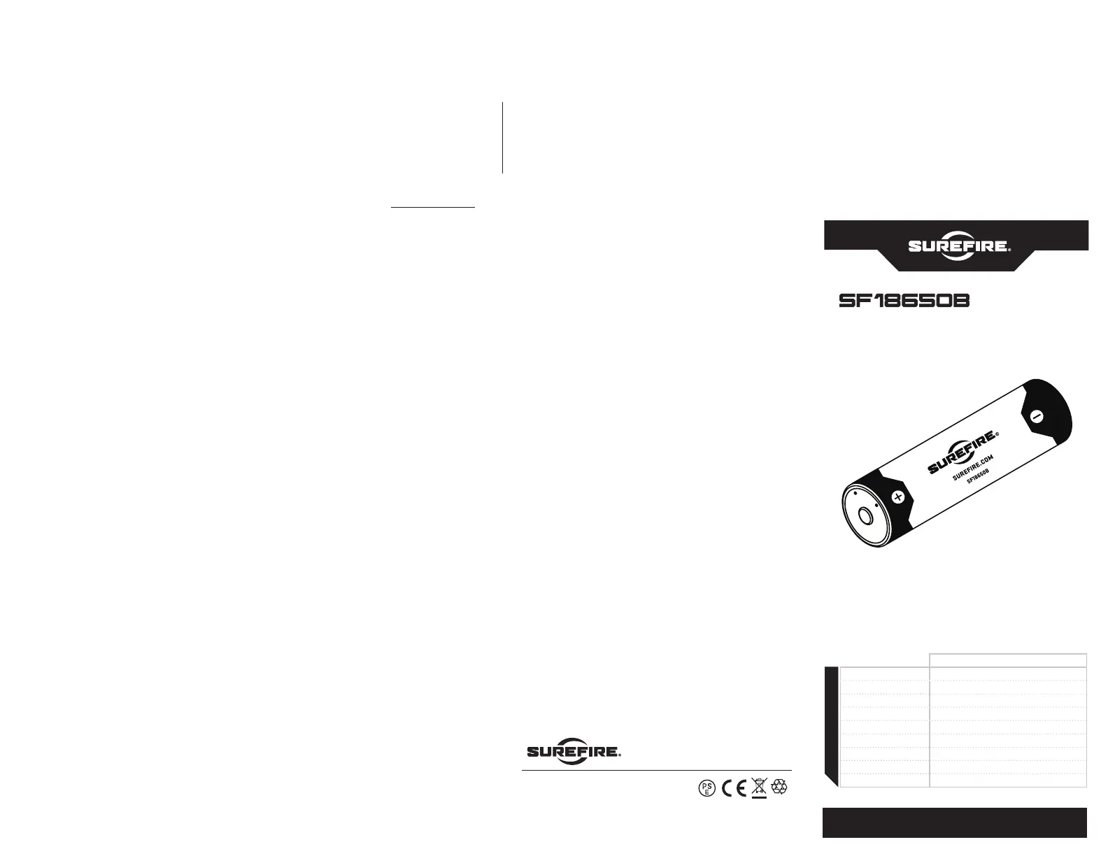 SureFire SF18650B Bruksanvisning
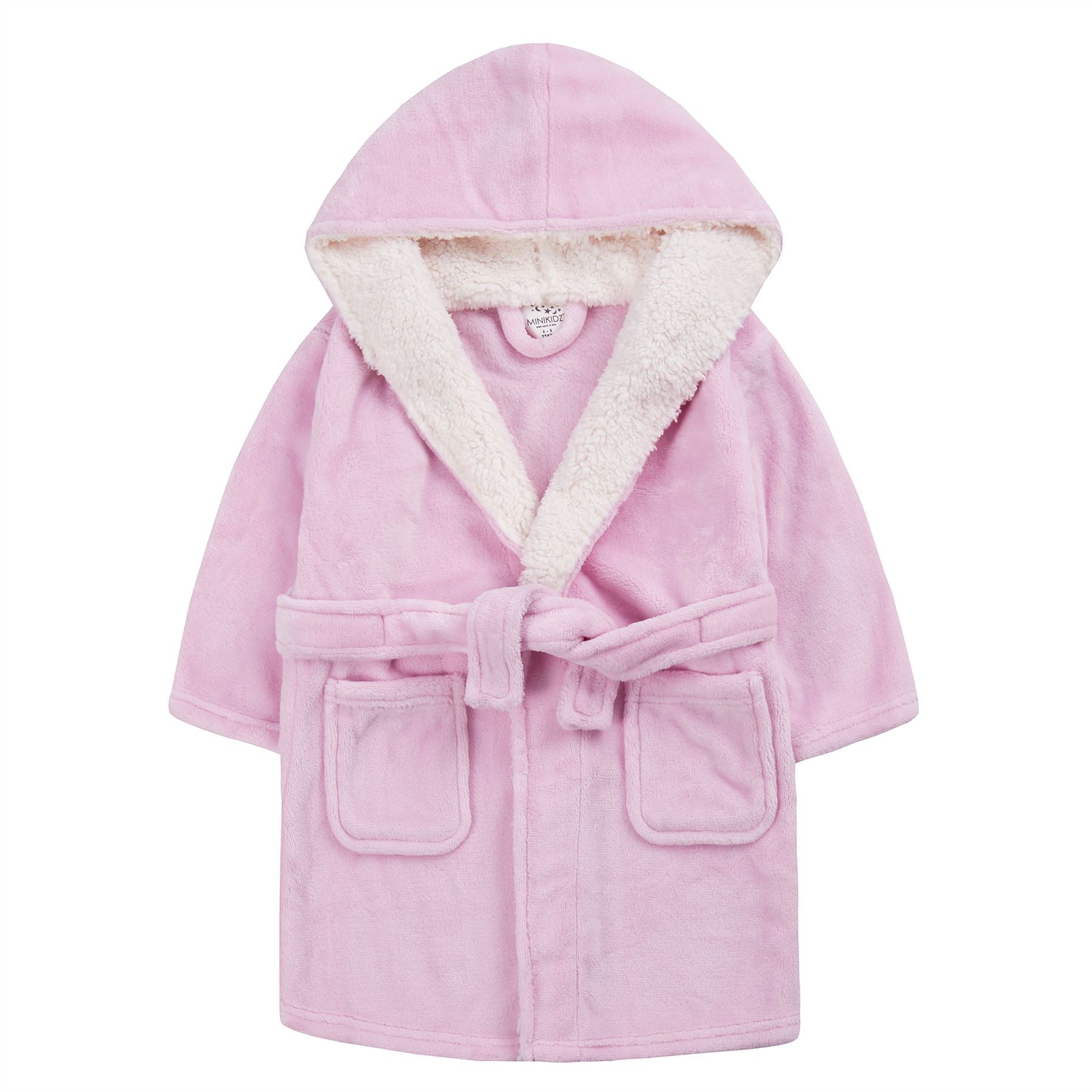 Minikidz Kids Sherpa Hooded Plush Fleece Robe - Pink
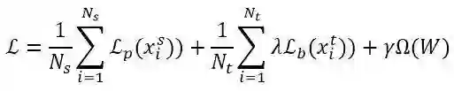 我们的方法采用了类似于由 (S+T) 路的 softmax 分类器的全监督分类模型,用来分类目标类和源类。但是,只有源类数据是有标注的,目标类数据没有标注。我们定义了准全监督损失函数来训练提出的模型:
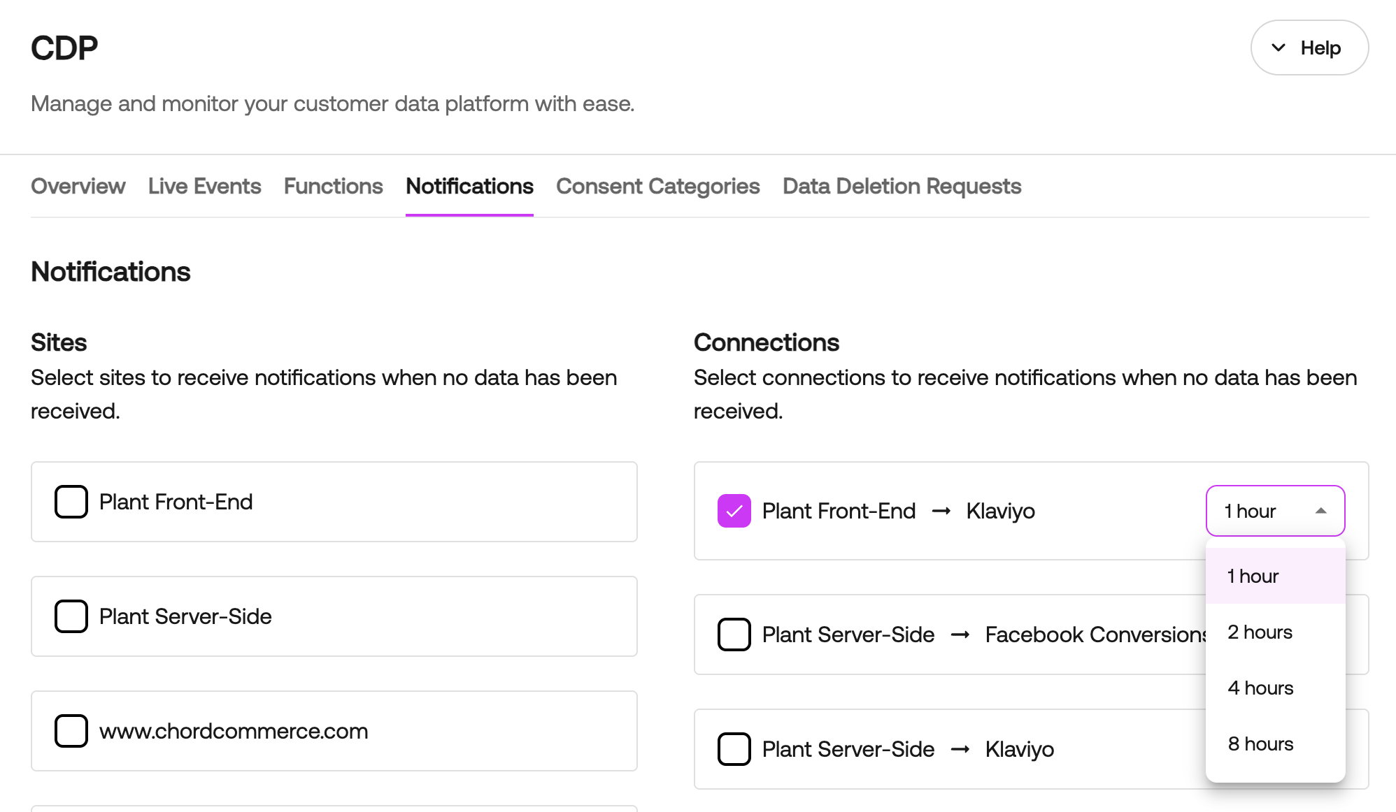 Head to the Notifications tab in the Chord CDP, select the sources or destinations you want to monitor, and choose a threshold window: 1, 2, 4, or 8 hours. If no data is received within that timeframe, Chord will notify you — ensuring timely alerts without overwhelming your inbox.
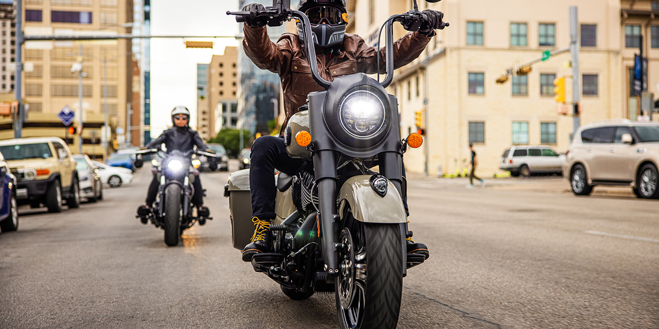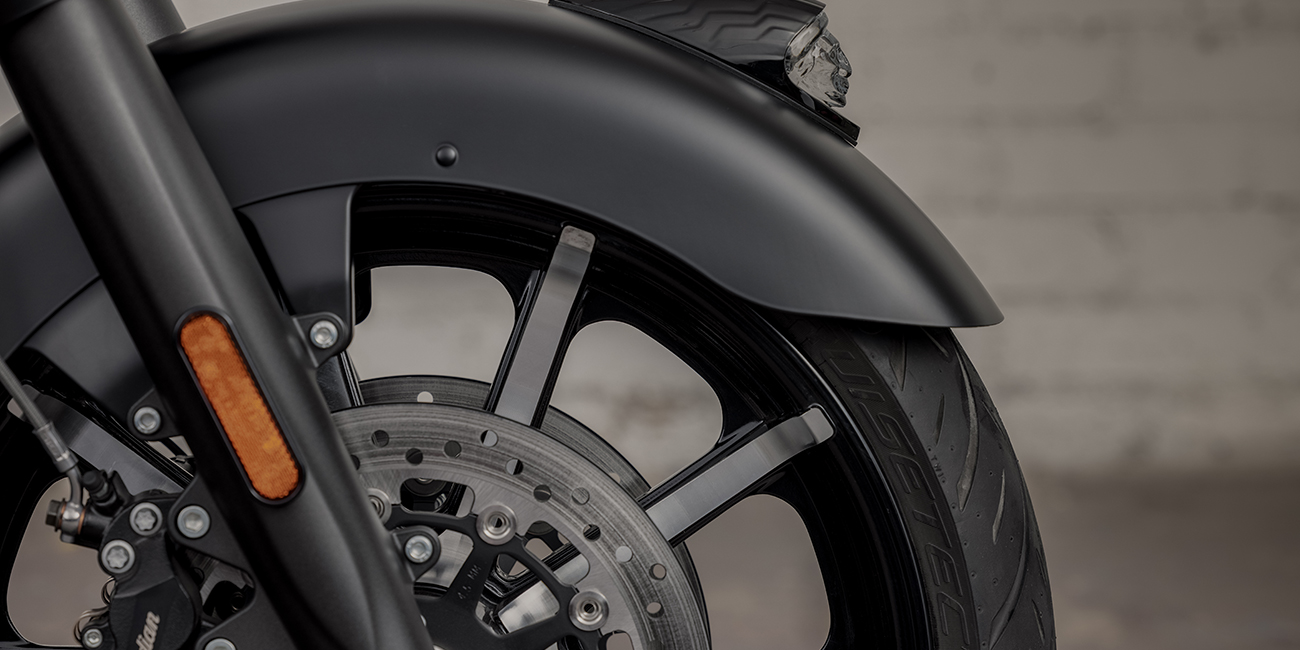 Inspired by the look of custom bikes, an open front fender exposes the 19" 10-spoke contrast-cut front wheel, with the iconic Indian Motorcycle headdress leading the way.
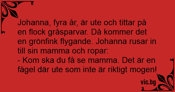 Johanna, fyra år, är ute och tittar på en flock gråsparvar. Då kommer det en grönfink flygande. Johanna rusar in till sin mamma och ropar:
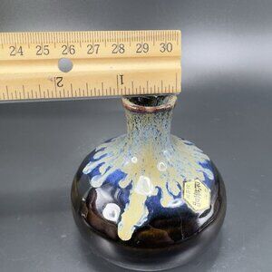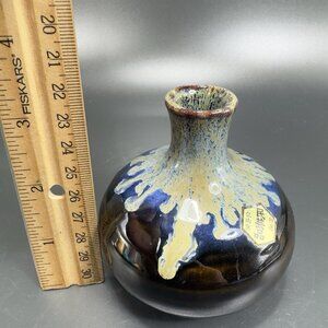 Flambé Pottery Blue Green Brown Pottery Bud Vase Bottle Bud Vase Japan Vintage
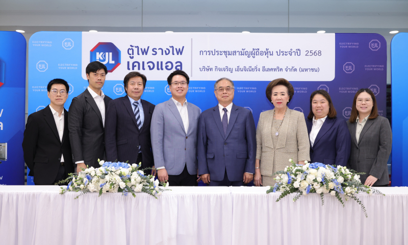 นายการุณย์ สุจิวโรดม (ที่ 4 จากขวา) ประธานกรรมการ นายเกษมสันต์ สุจิวโรดม (ที่ 4 จากซ้าย) ประธานเจ้าหน้าที่บริหาร บริษัท กิจเจริญ เอ็นจิเนียริ่ง อีเลคทริค จำกัด (มหาชน) หรือ KJL พร้อมด้วยคณะกรรมการบริษัทฯ เข้าร่วมการประชุมสามัญผู้ถือหุ้น ประจำปี 2568 ในรูปแบบ Hybrid (Physical และ e-AGM) การประชุมผ่านสื่ออิเล็กทรอนิกส์ เพื่อชี้แจงถึงการดำเนินงานในปีที่ผ่านมา และทิศทางการเติบโตของบริษัทฯ ในด้านการขยายกำลังการผลิตและการขยายช่องทางการจัดจำหน่าย รวมไปถึงการขยายธุรกิจให้ครอบคลุมทั่วประเทศ โดยที่ประชุมผู้ถือหุ้นมีมติอนุมัติจ่ายปันผลเป็นเงินสด ในอัตราหุ้นละ 0.35 บาท และกำหนดจ่ายเงินปันผลในวันที่ 7 พฤษภาคม 2568 ณ ห้องประชุมของบริษัท กิจเจริญ เอ็นจิเนียริ่ง อีเลคทริค จำกัด (มหาชน) เมื่อเร็ว ๆ นี้
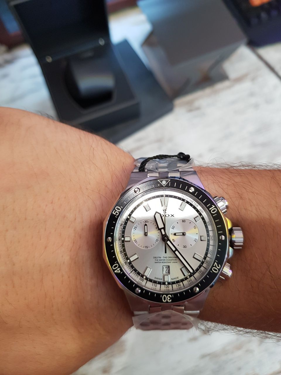 К Вашему вниманию предлагаю красивейший швейцарский хронограф EDOX Delfin Original Quartz Chronograph 10109 3M AIN.
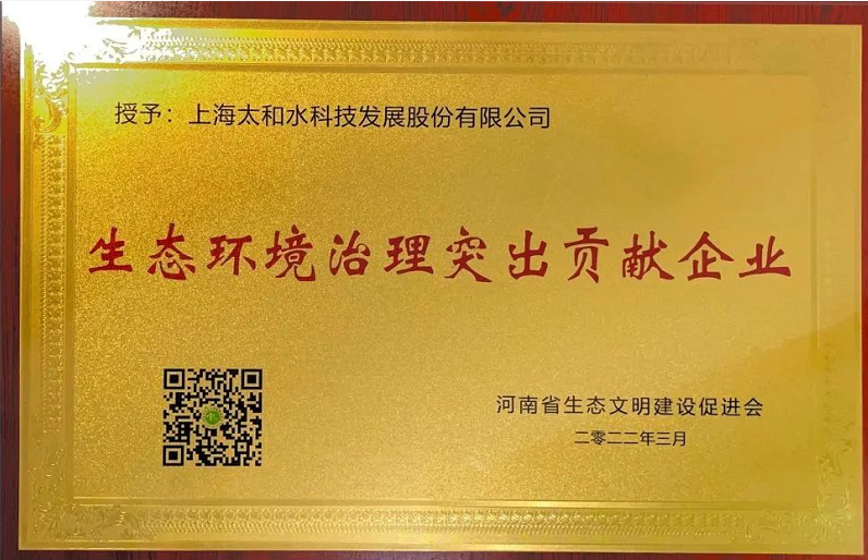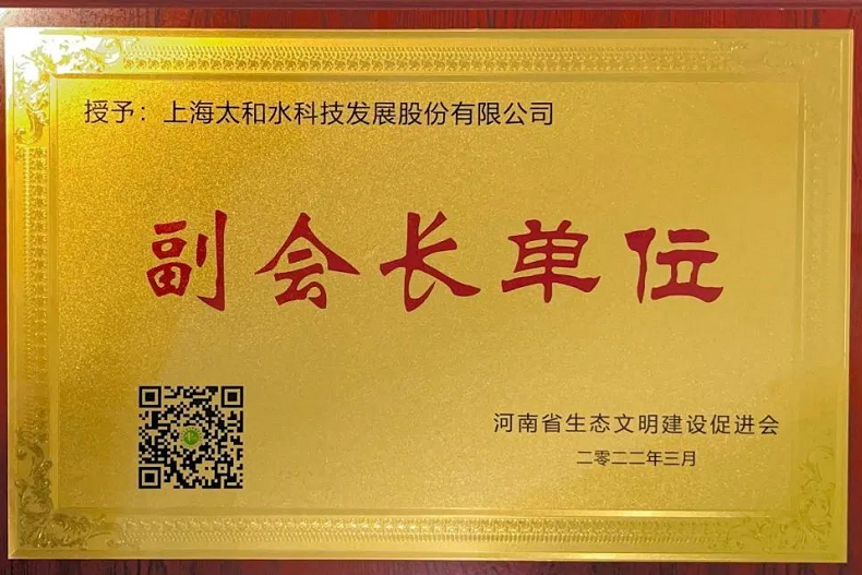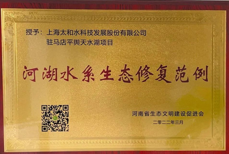 會議最后,河南省生態文明建設促進會為上海太和水科技發展股份有限公司頒發了“副會長單位”證書,并授予“生態環境治理突出貢獻企業”榮譽獎項,為我司承接治理的鄭州經開區蝶湖項目授予“城市水環境生態治理典范”獎項,為平輿天水湖項目授予“河湖水系生態修復范例”獎項。
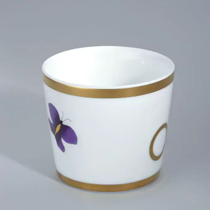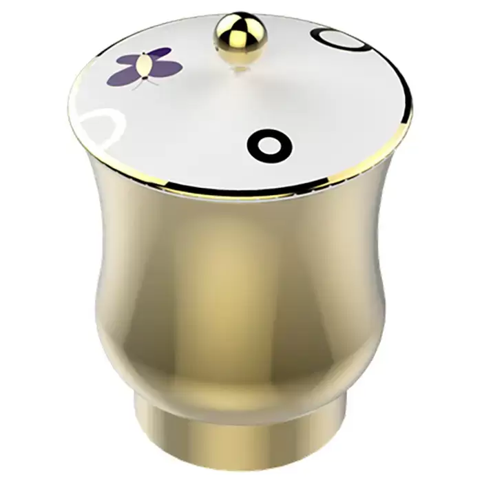 THG CAPUCINE MAUVE DECOR OR Китайская лакированная коробка с белой керамической крышкой Ø126 мм., middle size, декор золото/лиловый, цвет: золото
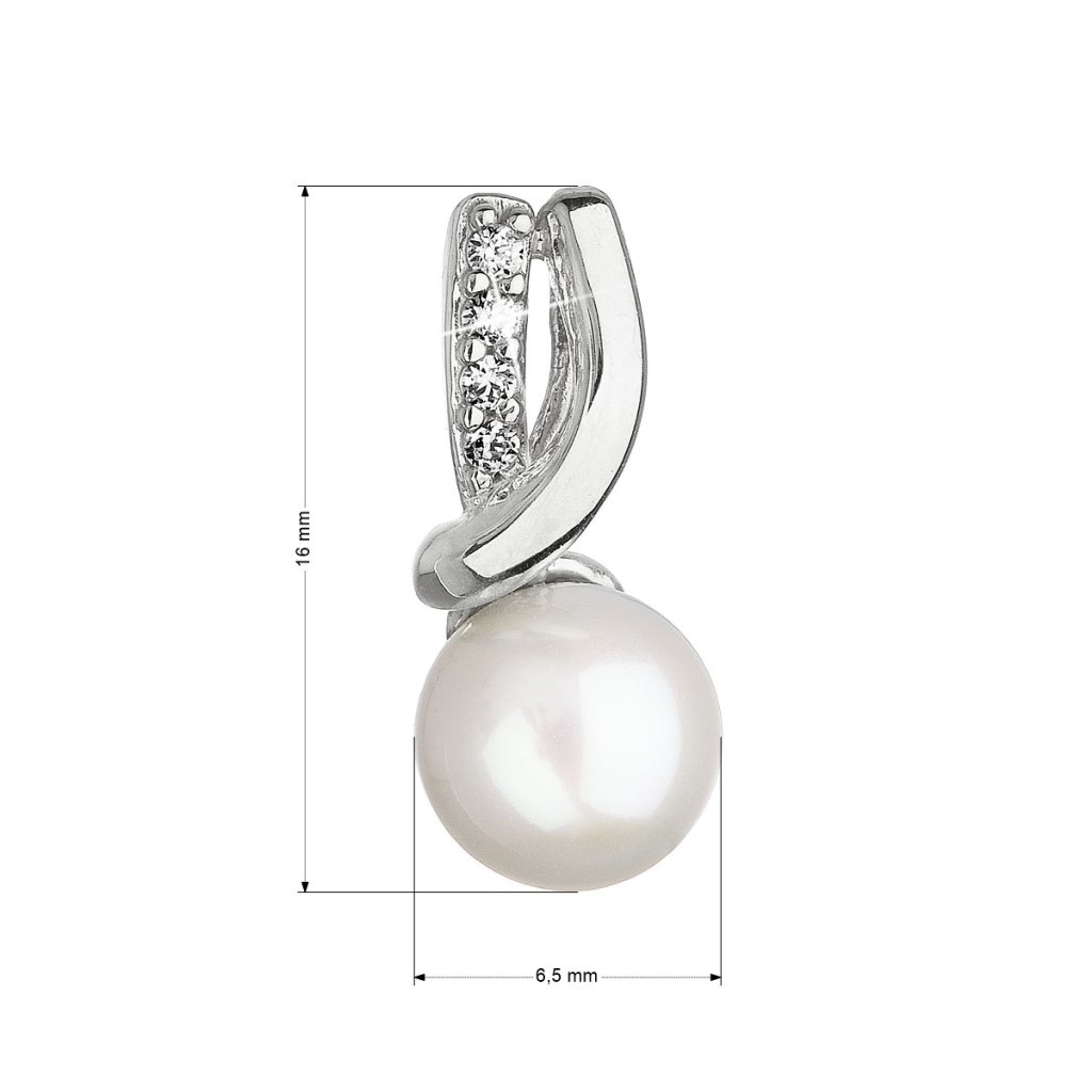 Prívesok 84PZ00006 je vyrobený zo 14 karátového bieleho zlata s rýdzosťou 585/1000 a zdobí ho okrúhla biela riečna perla tej najvyššej kvality AAA . Šírka perličky je 6,5-7 mm. Navyše sa krásne trblietajú vsadené zirkóny.
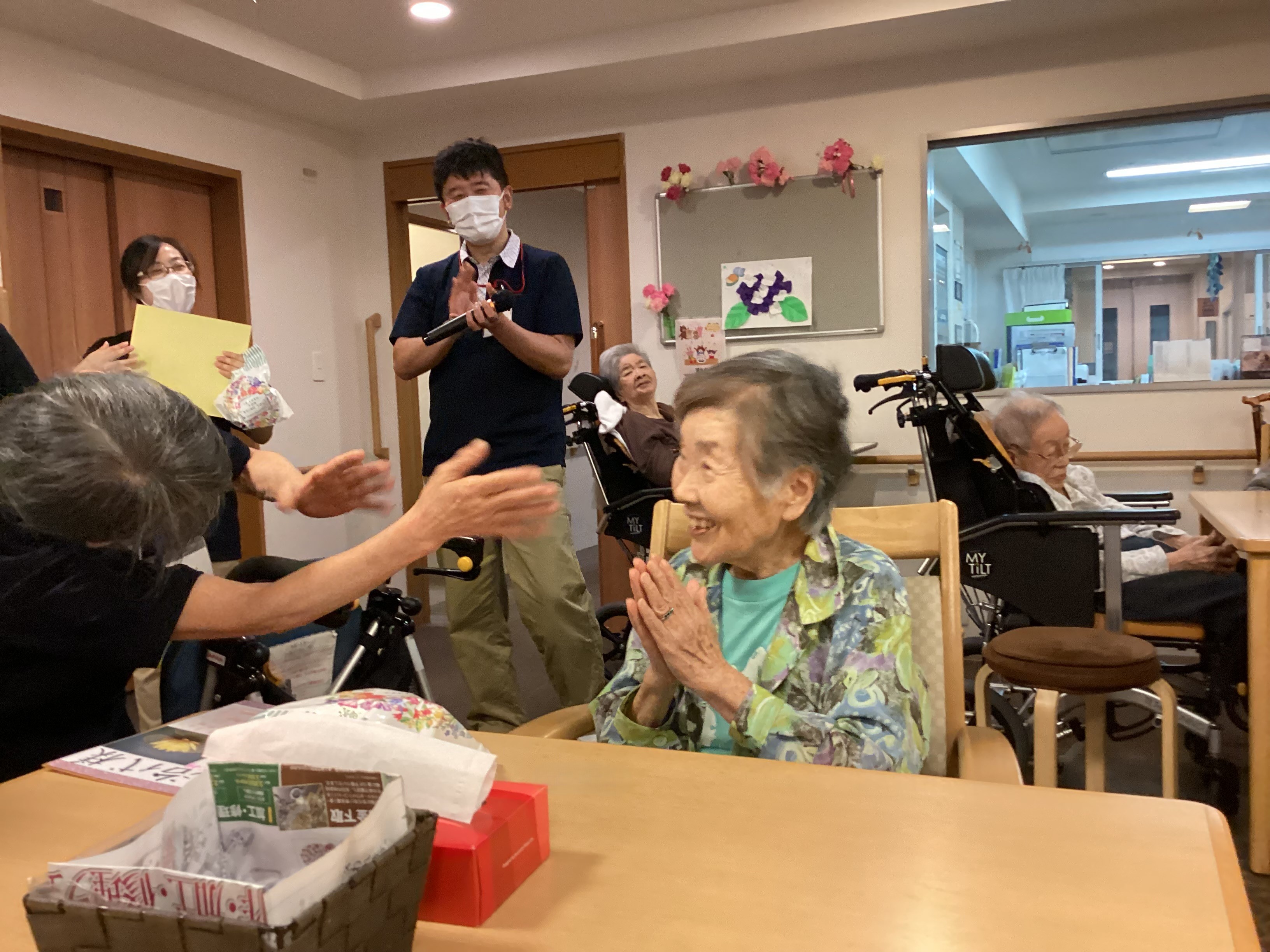 少し肌寒い気温に体調を崩さないようにご自愛ください。今日は5月の合同誕生日会!皆さん大盛り上がりで歌を歌って誕生日をお祝いしました!素敵な笑顔がたくさんでスタッフ一同もうれしくなってしまいました!

[Goal of the exercise] Every line of the listing must be reproduced exactly, though the pictures are to be left out.

[Answer area]
 SureFire SF18650B Bruksanvisning
 Minikidz Kids Sherpa Hooded Plush Fleece Robe - Pink
 我们的方法采用了类似于由 (S+T) 路的 softmax 分类器的全监督分类模型,用来分类目标类和源类。但是,只有源类数据是有标注的,目标类数据没有标注。我们定义了准全监督损失函数来训练提出的模型:
 Head to the Notifications tab in the Chord CDP, select the sources or destinations you want to monitor, and choose a threshold window: 1, 2, 4, or 8 hours. If no data is received within that timeframe, Chord will notify you — ensuring timely alerts without overwhelming your inbox.
 Inspired by the look of custom bikes, an open front fender exposes the 19" 10-spoke contrast-cut front wheel, with the iconic Indian Motorcycle headdress leading the way.
 Johanna, fyra år, är ute och tittar på en flock gråsparvar. Då kommer det en grönfink flygande. Johanna rusar in till sin mamma och ropar:
 Flambé Pottery Blue Green Brown Pottery Bud Vase Bottle Bud Vase Japan Vintage
 นายการุณย์ สุจิวโรดม (ที่ 4 จากขวา) ประธานกรรมการ นายเกษมสันต์ สุจิวโรดม (ที่ 4 จากซ้าย) ประธานเจ้าหน้าที่บริหาร บริษัท กิจเจริญ เอ็นจิเนียริ่ง อีเลคทริค จำกัด (มหาชน) หรือ KJL พร้อมด้วยคณะกรรมการบริษัทฯ เข้าร่วมการประชุมสามัญผู้ถือหุ้น ประจำปี 2568 ในรูปแบบ Hybrid (Physical และ e-AGM) การประชุมผ่านสื่ออิเล็กทรอนิกส์ เพื่อชี้แจงถึงการดำเนินงานในปีที่ผ่านมา และทิศทางการเติบโตของบริษัทฯ ในด้านการขยายกำลังการผลิตและการขยายช่องทางการจัดจำหน่าย รวมไปถึงการขยายธุรกิจให้ครอบคลุมทั่วประเทศ โดยที่ประชุมผู้ถือหุ้นมีมติอนุมัติจ่ายปันผลเป็นเงินสด ในอัตราหุ้นละ 0.35 บาท และกำหนดจ่ายเงินปันผลในวันที่ 7 พฤษภาคม 2568 ณ ห้องประชุมของบริษัท กิจเจริญ เอ็นจิเนียริ่ง อีเลคทริค จำกัด (มหาชน) เมื่อเร็ว ๆ นี้
 К Вашему вниманию предлагаю красивейший швейцарский хронограф EDOX Delfin Original Quartz Chronograph 10109 3M AIN.
 會議最后,河南省生態文明建設促進會為上海太和水科技發展股份有限公司頒發了“副會長單位”證書,并授予“生態環境治理突出貢獻企業”榮譽獎項,為我司承接治理的鄭州經開區蝶湖項目授予“城市水環境生態治理典范”獎項,為平輿天水湖項目授予“河湖水系生態修復范例”獎項。
 THG CAPUCINE MAUVE DECOR OR Китайская лакированная коробка с белой керамической крышкой Ø126 мм., middle size, декор золото/лиловый, цвет: золото
 Prívesok 84PZ00006 je vyrobený zo 14 karátového bieleho zlata s rýdzosťou 585/1000 a zdobí ho okrúhla biela riečna perla tej najvyššej kvality AAA . Šírka perličky je 6,5-7 mm. Navyše sa krásne trblietajú vsadené zirkóny.
 少し肌寒い気温に体調を崩さないようにご自愛ください。今日は5月の合同誕生日会!皆さん大盛り上がりで歌を歌って誕生日をお祝いしました!素敵な笑顔がたくさんでスタッフ一同もうれしくなってしまいました!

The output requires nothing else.